Chantal Joffe was born in St. Albans, Vermont, USA on 5 October 1969. She immigrated to London, England around the 1980s to purse higher education in the arts. Joffe, now a distinguished Royal Academician, is known for her expressive paintings of women, children and pregnancy.
Painter Chantal Joffe was born in St. Albans, Vermont, USA on 5 October 1969. Her mother Daryll Joffe is an artist who works with watercolours and her younger brother, Jasper Joffe is a British publisher, novelist and contemporary artist. Joffe immigrated to the UK to pursue higher education in the arts, first completing a foundation year at Camberwell College of Arts in London from 1987 -88, followed by a BA (Hons) in Fine Art from Glasgow School of Art (1980-91) and an MA in Painting from London's Royal College of Art (RCA, 1992-94).
After her graduation from the RCA, Joffe gained recognition with small-scale, highly precise paintings of explicit sexual content, using vibrant colours and clear contrasts. Joffe’s practice later evolved but she still maintained her earlier expressiveness. The transition from depicting pornographic content to motherhood indicates her fascination with the full spectrum of the human reproductive process. Her oeuvre includes paintings of widely different dimensions, from miniatures to monumental scale (up to 3 metres) and a focus on the themes of how motherhood and age transform women’s bodies. Joffe's works, capturing domestic scenes, leisure, and the anxiety of becoming a mother, are characterised by swift, broad brushstrokes, leaving trails of wet paint. Her nudes feature dark reds and pinks set against background colours, such as apple green, with fluorescent details. Despite the spontaneity in her later works, her early meticulousness persists in deliberate gestures, distinct colours, and minimalistic backdrops. She is inspired by the evolution of figuration across the 20th and 21st centuries, and by a range of painters, including Pierre Bonnard, Alex Katz, Henri Matisse, Alice Neel, Paula Rego and Lynette Yiadom-Boakye.

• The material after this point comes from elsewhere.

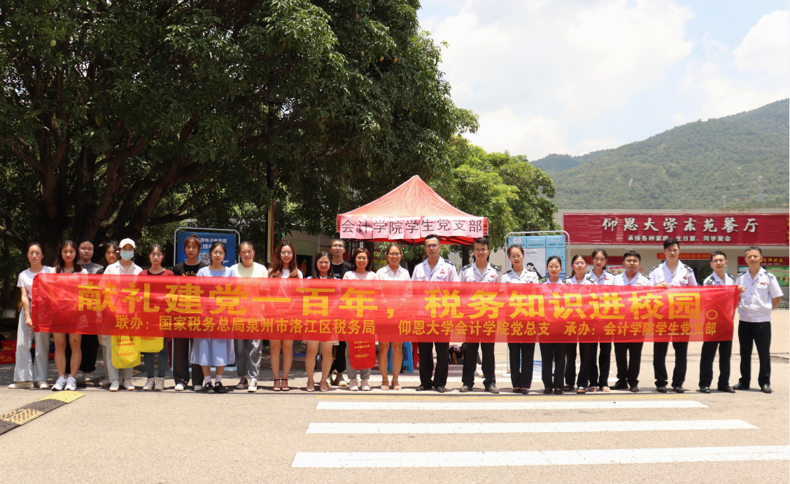 为庆祝中国共产党建党100周年,深入开展党史学习教育,进一步做好税务知识的宣传和普及,6月16日,yl23411集团党总支携手泉州市洛江区税务局开展了“献礼建党一百年,税务知识进校园”税务知识宣传活动,分别于yl23411永利集团第一教学区和第三教学区食堂旁设点进行宣讲和宣传。

In 2015, over 30 of Joffe’s new paintings were exhibited in the lobby of New York’s Jewish Museum under the title Using Walls, Floors, and Ceilings: Chantal Joffe. Joffe painted portraits of Jewish women of the 20th century who have influenced art, literature, philosophy, and politics, including figures such as Hannah Arendt, Diane Arbus, Susan Sontag, Nancy Spero, Gertrude Stein, Alice B. Toklas. Joffe's expressive and gestural painterliness transcends physical likeness, capturing her artistic and emotional interpretations. Through extensive research, she formed connections with her subjects, using varied texts and images to portray these women at different life stages. This collective portrait served as a homage to their legacies and as a modern inspiration, subtly acknowledging the women lost in the Shoah, whose contributions were erased from history. More recently, Joffe's exhibition Personal Feeling is the Main Thing which opened at The Lowry in Salford in 2018, was inspired by from Paula Modersohn-Becker, a pioneering yet overlooked German Expressionist and avant-garde painter. Many of her pieces were destroyed by the Nazis. Her work was démodé in her time in its depiction of nudes and motherhood, blending glowing colours and experimental outlines. Joffe shares Modersohn-Becker directness in portraying the mother-child connection. Joffe's exhibition, integrating some of Modersohn-Becker's own works, functioned as a tribute to the German artist who died soon after giving birth, introducing her to the UK audience. Joffe also works with public commissions. Her 2018 piece A Sunday Afternoon in Whitechapel was displayed across the platforms of the Elizabeth line station in Whitechapel, capturing the feeling of the local East London neighbourhood and inspired by Joffe's own experiences locally. Originally created as a series of compact paper collages, these works were later transformed into laser-cut aluminium pieces.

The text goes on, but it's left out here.